*** Block opens ***

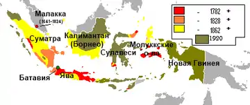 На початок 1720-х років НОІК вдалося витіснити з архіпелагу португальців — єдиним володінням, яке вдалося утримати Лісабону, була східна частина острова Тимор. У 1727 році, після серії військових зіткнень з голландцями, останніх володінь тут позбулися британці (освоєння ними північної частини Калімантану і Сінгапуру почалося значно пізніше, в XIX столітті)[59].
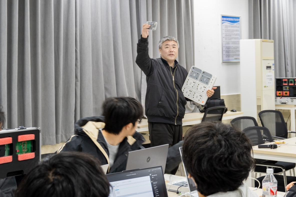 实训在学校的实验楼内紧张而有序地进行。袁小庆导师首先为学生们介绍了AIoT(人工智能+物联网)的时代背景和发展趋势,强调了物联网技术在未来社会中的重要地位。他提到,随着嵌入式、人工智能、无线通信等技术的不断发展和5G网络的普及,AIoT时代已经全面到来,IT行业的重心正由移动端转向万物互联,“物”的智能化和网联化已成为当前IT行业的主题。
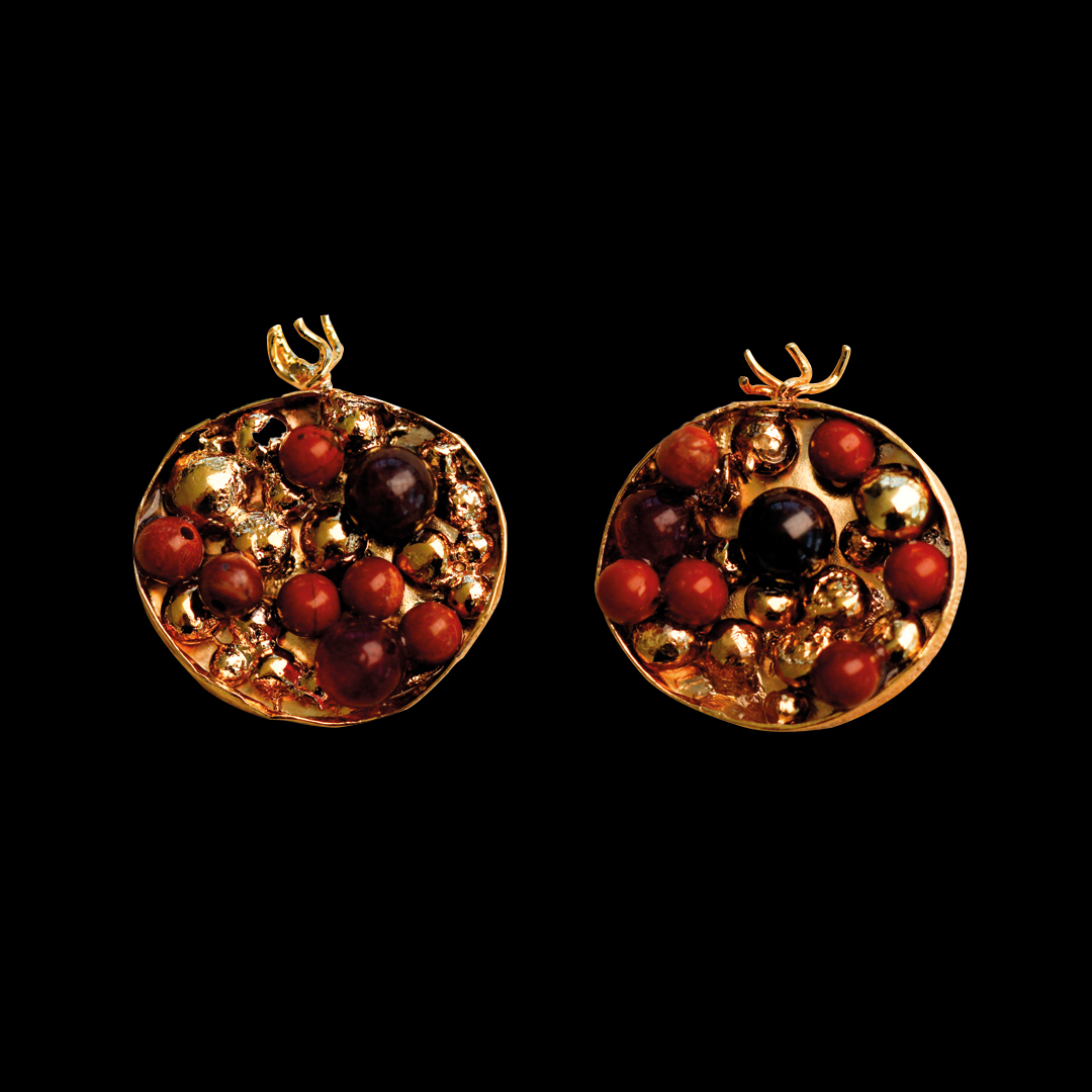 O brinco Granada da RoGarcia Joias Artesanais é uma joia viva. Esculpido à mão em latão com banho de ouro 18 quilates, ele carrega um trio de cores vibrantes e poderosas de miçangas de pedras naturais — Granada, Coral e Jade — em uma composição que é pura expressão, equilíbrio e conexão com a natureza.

*** Block closes ***
*** Block opens ***

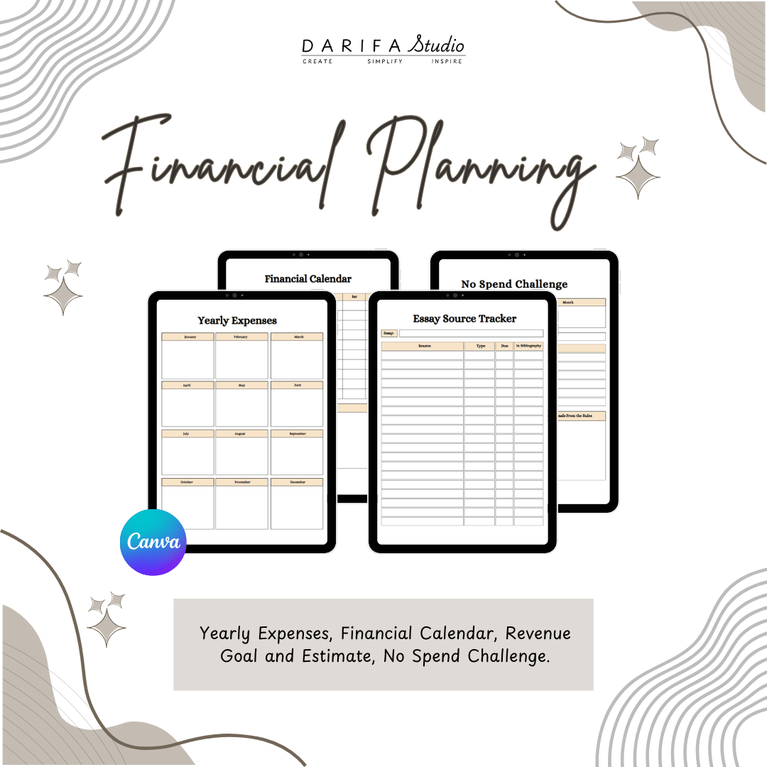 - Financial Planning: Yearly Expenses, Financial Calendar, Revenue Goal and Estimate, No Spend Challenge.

*** Block closes ***

▶ **TRY IT**
Transcribe, word for word, the lines of the listing above from the one that contains "На початок 1720-х" through the one that contains "O brinco Granada", keeping both ends and dropping the pictures.

▶ **TASK RESULT**
 На початок 1720-х років НОІК вдалося витіснити з архіпелагу португальців — єдиним володінням, яке вдалося утримати Лісабону, була східна частина острова Тимор. У 1727 році, після серії військових зіткнень з голландцями, останніх володінь тут позбулися британці (освоєння ними північної частини Калімантану і Сінгапуру почалося значно пізніше, в XIX столітті)[59].
 实训在学校的实验楼内紧张而有序地进行。袁小庆导师首先为学生们介绍了AIoT(人工智能+物联网)的时代背景和发展趋势,强调了物联网技术在未来社会中的重要地位。他提到,随着嵌入式、人工智能、无线通信等技术的不断发展和5G网络的普及,AIoT时代已经全面到来,IT行业的重心正由移动端转向万物互联,“物”的智能化和网联化已成为当前IT行业的主题。
 O brinco Granada da RoGarcia Joias Artesanais é uma joia viva. Esculpido à mão em latão com banho de ouro 18 quilates, ele carrega um trio de cores vibrantes e poderosas de miçangas de pedras naturais — Granada, Coral e Jade — em uma composição que é pura expressão, equilíbrio e conexão com a natureza.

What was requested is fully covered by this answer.